- What is being asked
Pull every line of the entries that has the word "with".

- Material for this exercise
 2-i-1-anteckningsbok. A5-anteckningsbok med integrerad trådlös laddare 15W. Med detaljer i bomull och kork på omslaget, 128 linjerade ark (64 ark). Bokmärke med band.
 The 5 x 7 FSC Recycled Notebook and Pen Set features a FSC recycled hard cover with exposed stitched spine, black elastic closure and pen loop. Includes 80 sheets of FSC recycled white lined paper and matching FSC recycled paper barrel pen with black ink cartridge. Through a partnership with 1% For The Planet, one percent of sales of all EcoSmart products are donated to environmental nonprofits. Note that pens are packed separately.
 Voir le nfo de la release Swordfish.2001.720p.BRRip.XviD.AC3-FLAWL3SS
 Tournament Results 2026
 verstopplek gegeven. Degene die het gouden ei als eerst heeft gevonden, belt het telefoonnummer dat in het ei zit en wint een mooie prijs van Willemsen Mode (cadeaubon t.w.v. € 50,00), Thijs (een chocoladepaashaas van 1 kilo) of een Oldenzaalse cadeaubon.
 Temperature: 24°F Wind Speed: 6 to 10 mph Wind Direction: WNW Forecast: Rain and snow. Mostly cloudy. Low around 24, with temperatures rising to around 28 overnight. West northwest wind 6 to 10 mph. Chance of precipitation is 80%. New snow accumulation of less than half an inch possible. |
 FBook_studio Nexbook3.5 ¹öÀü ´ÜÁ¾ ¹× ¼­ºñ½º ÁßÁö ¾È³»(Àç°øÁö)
...
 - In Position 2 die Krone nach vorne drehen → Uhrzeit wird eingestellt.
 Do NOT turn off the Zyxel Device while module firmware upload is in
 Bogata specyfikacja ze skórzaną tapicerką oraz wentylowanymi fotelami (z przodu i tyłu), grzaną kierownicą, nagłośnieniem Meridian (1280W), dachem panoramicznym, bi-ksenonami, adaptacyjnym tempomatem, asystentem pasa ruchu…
...
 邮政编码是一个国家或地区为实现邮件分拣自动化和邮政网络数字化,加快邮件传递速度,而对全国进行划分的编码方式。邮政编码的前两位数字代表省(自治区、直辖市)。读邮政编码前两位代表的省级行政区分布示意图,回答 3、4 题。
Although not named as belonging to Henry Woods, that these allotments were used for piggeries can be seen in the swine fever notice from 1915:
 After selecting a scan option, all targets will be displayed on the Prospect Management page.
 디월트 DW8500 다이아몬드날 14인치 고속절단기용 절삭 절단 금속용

- Response to the task
 The 5 x 7 FSC Recycled Notebook and Pen Set features a FSC recycled hard cover with exposed stitched spine, black elastic closure and pen loop. Includes 80 sheets of FSC recycled white lined paper and matching FSC recycled paper barrel pen with black ink cartridge. Through a partnership with 1% For The Planet, one percent of sales of all EcoSmart products are donated to environmental nonprofits. Note that pens are packed separately.
 Temperature: 24°F Wind Speed: 6 to 10 mph Wind Direction: WNW Forecast: Rain and snow. Mostly cloudy. Low around 24, with temperatures rising to around 28 overnight. West northwest wind 6 to 10 mph. Chance of precipitation is 80%. New snow accumulation of less than half an inch possible. |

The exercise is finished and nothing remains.